The data Block Start

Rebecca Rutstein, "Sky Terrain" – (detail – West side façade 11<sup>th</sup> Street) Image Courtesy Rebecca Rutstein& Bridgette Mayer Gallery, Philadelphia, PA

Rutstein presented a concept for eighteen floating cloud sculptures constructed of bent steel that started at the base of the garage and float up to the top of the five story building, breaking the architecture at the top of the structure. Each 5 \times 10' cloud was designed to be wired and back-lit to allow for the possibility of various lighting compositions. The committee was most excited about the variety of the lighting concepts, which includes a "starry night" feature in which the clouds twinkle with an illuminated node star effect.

The data Block End
The data Block Start

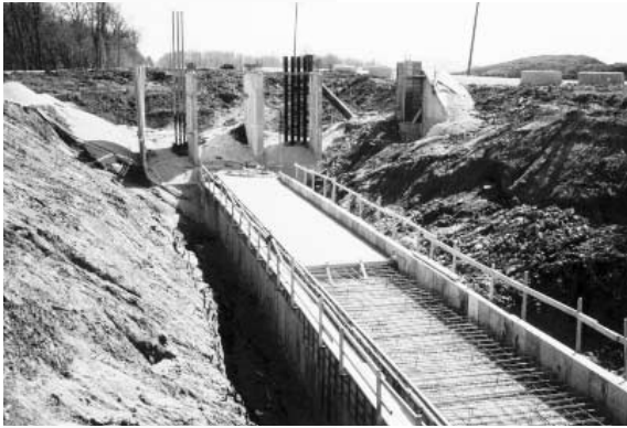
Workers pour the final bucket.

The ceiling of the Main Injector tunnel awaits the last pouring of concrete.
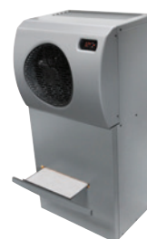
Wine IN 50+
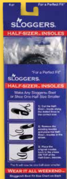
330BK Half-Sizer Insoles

The data Block End
The data Block Start

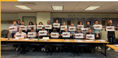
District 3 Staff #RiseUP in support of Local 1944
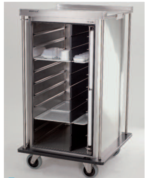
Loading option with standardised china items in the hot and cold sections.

The data Block End

Goal of the exercise: Extract every line from the records above that contains the word "Rutstein".

Response to the task:
Rebecca Rutstein, "Sky Terrain" – (detail – West side façade 11<sup>th</sup> Street) Image Courtesy Rebecca Rutstein& Bridgette Mayer Gallery, Philadelphia, PA
Rutstein presented a concept for eighteen floating cloud sculptures constructed of bent steel that started at the base of the garage and float up to the top of the five story building, breaking the architecture at the top of the structure. Each 5 \times 10' cloud was designed to be wired and back-lit to allow for the possibility of various lighting compositions. The committee was most excited about the variety of the lighting concepts, which includes a "starry night" feature in which the clouds twinkle with an illuminated node star effect.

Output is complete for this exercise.